Commentary: Multipotent Mesenchymal Stromal Cell Recruitment, Migration, and Differentiation: What Have Matrix Metalloproteinases Got to Do with It?

Institute of Histology and Laboratory Analysis, Faculty of Sciences, University "Carlo Bo," Urbino, Italy

Key Words. Bone marrow stromal cells • Homing • Tissue inhibitors of metalloproteinases • Mesenchymal stem cells Differentiation • Cell surface markers • Matrix metalloproteinases • Umbilical cord blood mesenchymal stem cells

Correspondence: Ferdinando Mannello, Ph.D., Istituto di Istologia ed Analisi di laboratorio, Via O. Ubaldini, 7, Università "Carlo Bo", 61029 Urbino, Italy. Telephone: +39-0722-35149; Fax: +39-0722-322370; e-mail: f.mannello{at}uniurb.it

Received December 5, 2005; accepted for publication April 28, 2006.
First published online in STEM CELLS EXPRESS   May 4, 2006.

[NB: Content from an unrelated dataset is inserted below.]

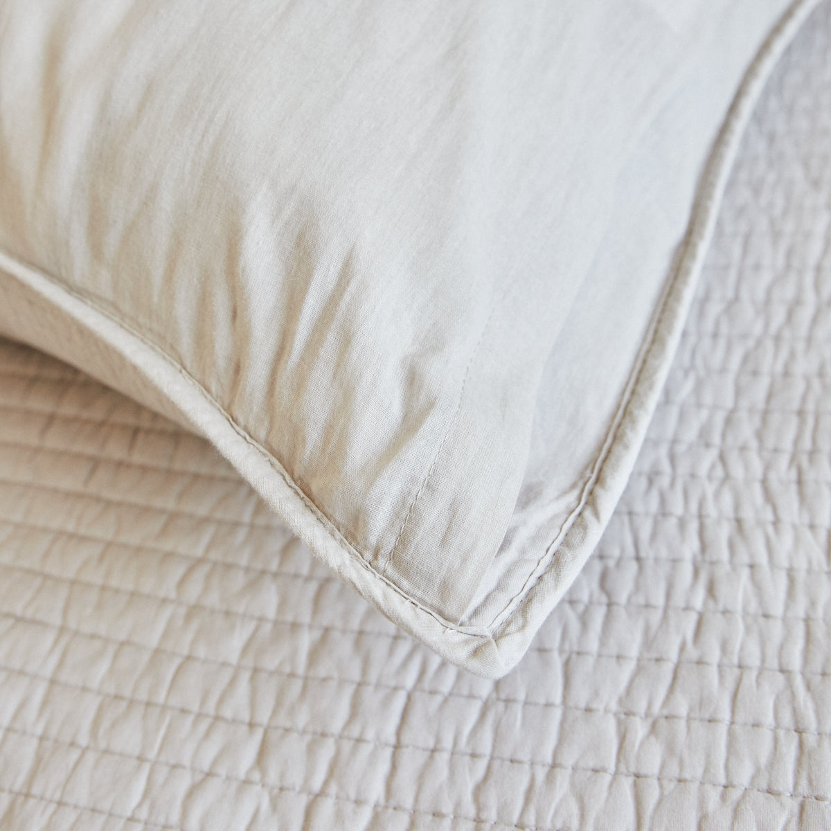 Funda decorativa tipo sham confeccionada en 100% algodón. Diseño matelassé de color liso con bordado al tono de hilo, que suma textura y elegancia a la cama.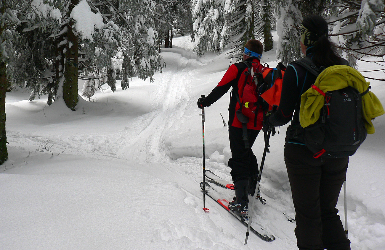 Čím vyššie, tým hlbšie koľajničky, tu na Orave ozaj nasnežilo pekne! Skratky lesom komfortne vycikcakované, diaľnica k chate komfortne poratrakovaná, cikcaky frírajdovým lesom pod hrebeňom (väčšinou) komfortne naklonené. Prví púdroví jazdci už sa spúšťajú okolo nás, po kolená v prašane, pochvaľujú si. Aj keď niekde za nimi presvitajú jafury.

The evidence that stem cells are spread throughout the organism in every tissue is increasingly keen [1], demonstrating that the basic trait is plasticity, whereas self-renewal and hierarchical structuring may be optional and only needed for rapid expansion upon call [2]. Although pluripotential properties do not define the stem cell per se, stemness has been suggested as a state in the life cycle in which the cell may proliferate, migrate, and enter into a differentiation stage [3]. Although convincing data supporting the stemness of the unfractionated plastic-adherent cells was lacking [4, 5], it is commonly believed that stem cells are basically equal and share common properties characteristic of the stem state, defined as self-renewal, hierarchical organization, pluripotency, transdifferentiation capability, and plasticity [2].

Where are we today in understanding the cellular and biomolecular mechanisms of cell plasticity to enable the control of cell fate and navigation? Embryonic stem cells, pluripotent cells derived from blastocysts that can be indefinitely propagated undifferentiated in vitro, may differentiate into all cell lineages in vivo and can be induced to differentiate into most cell types [6]. On the other hand, the ability to purify, culture, and manipulate multipotent stem cells of nonembryonic origin provides investigators with an invaluable cell source for the study of cell and organ development. In fact, stem cells have been identified in most fetal and adult organ tissues, such as hematopoietic, neural, gastrointestinal, epidermal, hepatic, adipose, bone, and cartilage tissues; umbilical cord blood; fetal and adult peripheral blood; dental pulp; chorionic villi; and placental membranes. These cells, under in vitro culture condition, exhibit pluripotent capacity comparable to that of embryonic stem cells [2, 7]. The plastic-adherent cells, showing multipotent differentiation capacity in vitro, were diffusely termed as stromal and/or mesenchymal stem cells [8], but recently, the term multipotent mesenchymal stromal cells (maintaining the widely used acronym MSCs) has been proposed for the plastic-adherent population derived from multipotential adult progenitor cells, without implying unproven biologic or therapeutic potential [9]. Although the signaling pathways involved in the maintenance and development of the stem cell are critical and are yet to be discovered, stem cell function is controlled by intrinsic genetic programs and by extracellular cues from the (specialized and/or ubiquitous) stem cell niche [10]. In fact, the MSC pool comprises not only putative mesenchymal stem cells but also subpopulations at different states of differentiation potential [11]. Unlike epithelial stem cells [12], MSCs may not have their own protective niche and seem not to be restricted to their tissue of origin, spreading throughout the organism in every tissue with differentiating capability upon call differentiating into mesodermal, ectodermal, and endodermal derivatives due to their heterogeneity [2, 11].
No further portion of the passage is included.